***** DATA BELOW *****
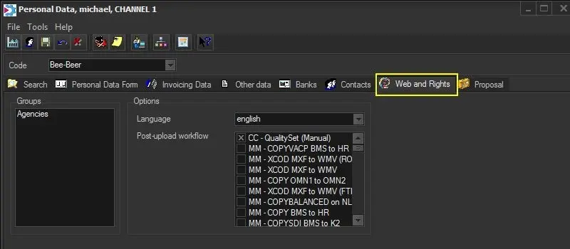 Post-upload workflow - Indicate the workflow(s) to be launched each time the current user uploads a file using Etere Web. If more than one workflow is selected, the web user will be able (depending on its rights) to choose the one to be launched after the upload.
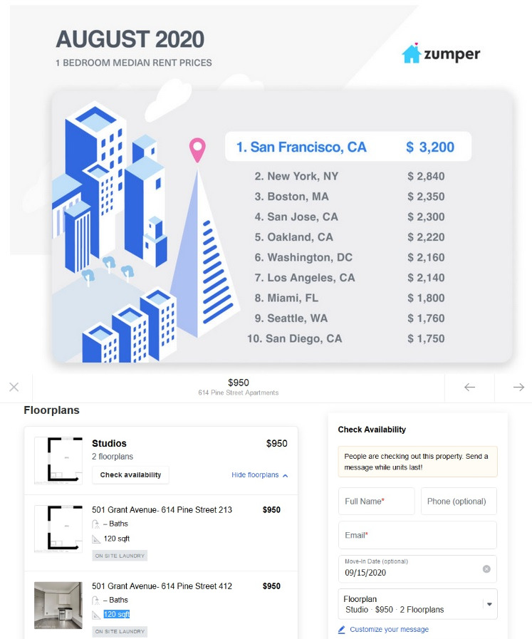 全米で家賃が高い10エリアのランキング。下は市内で950ドルで借りられる部屋Zumper National Rent Report: August 2020より
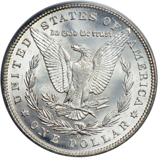 1894-O Morgan Dollar. PCGS graded MS-64. A lovely white example. This date qualifies as being all but unobtainable as a Gem, the 1894-O being one of the premier Morgan Dollar rarities in the finer Mint State grades. Granted, 1.7 million coins were produced; yet locating an attractive representative is anything but easy. Most coins are plagued by poor striking mainly in the centers. Also the luster quality tends to be sub-par for the type. This lovely MS64, while not a fully struck coin at the centers, has all other features save for those usually associated with O-mint issues bold. Even the focal points are not all that softly impressed. The luster is vibrant with a frosty, serene finish. Silvery radiance dominates on this smooth, high end example. Pop 279; 33 in 64+, 10 in 65 (PCGS # 7230) .
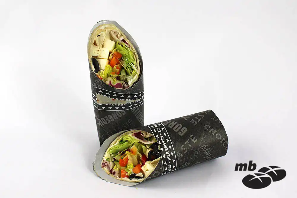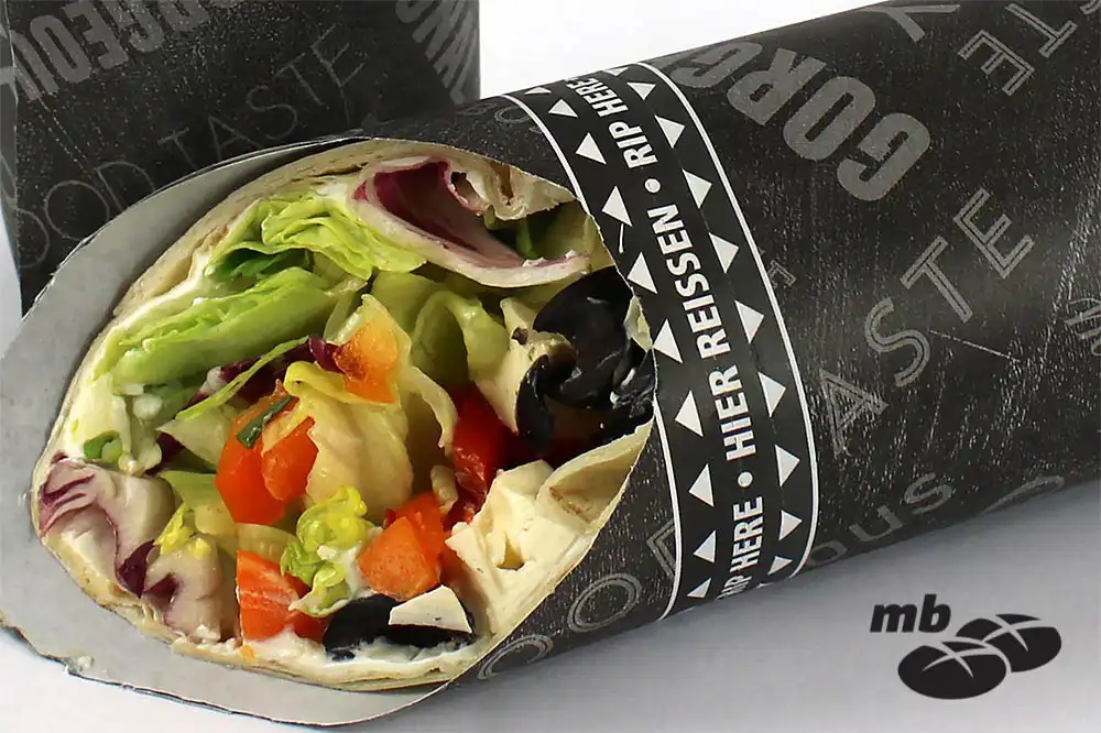 Wrap gefüllt mit Schafskäse, Olive, Paprika & frischen Salat.
*****
| WORK TO BE COMPLETED |
A word-for-word copy of all the data, without pictures, is the expected output.

| EXERCISE OUTPUT |
 Post-upload workflow - Indicate the workflow(s) to be launched each time the current user uploads a file using Etere Web. If more than one workflow is selected, the web user will be able (depending on its rights) to choose the one to be launched after the upload.
 全米で家賃が高い10エリアのランキング。下は市内で950ドルで借りられる部屋Zumper National Rent Report: August 2020より
 1894-O Morgan Dollar. PCGS graded MS-64. A lovely white example. This date qualifies as being all but unobtainable as a Gem, the 1894-O being one of the premier Morgan Dollar rarities in the finer Mint State grades. Granted, 1.7 million coins were produced; yet locating an attractive representative is anything but easy. Most coins are plagued by poor striking mainly in the centers. Also the luster quality tends to be sub-par for the type. This lovely MS64, while not a fully struck coin at the centers, has all other features save for those usually associated with O-mint issues bold. Even the focal points are not all that softly impressed. The luster is vibrant with a frosty, serene finish. Silvery radiance dominates on this smooth, high end example. Pop 279; 33 in 64+, 10 in 65 (PCGS # 7230) .
 Wrap gefüllt mit Schafskäse, Olive, Paprika & frischen Salat.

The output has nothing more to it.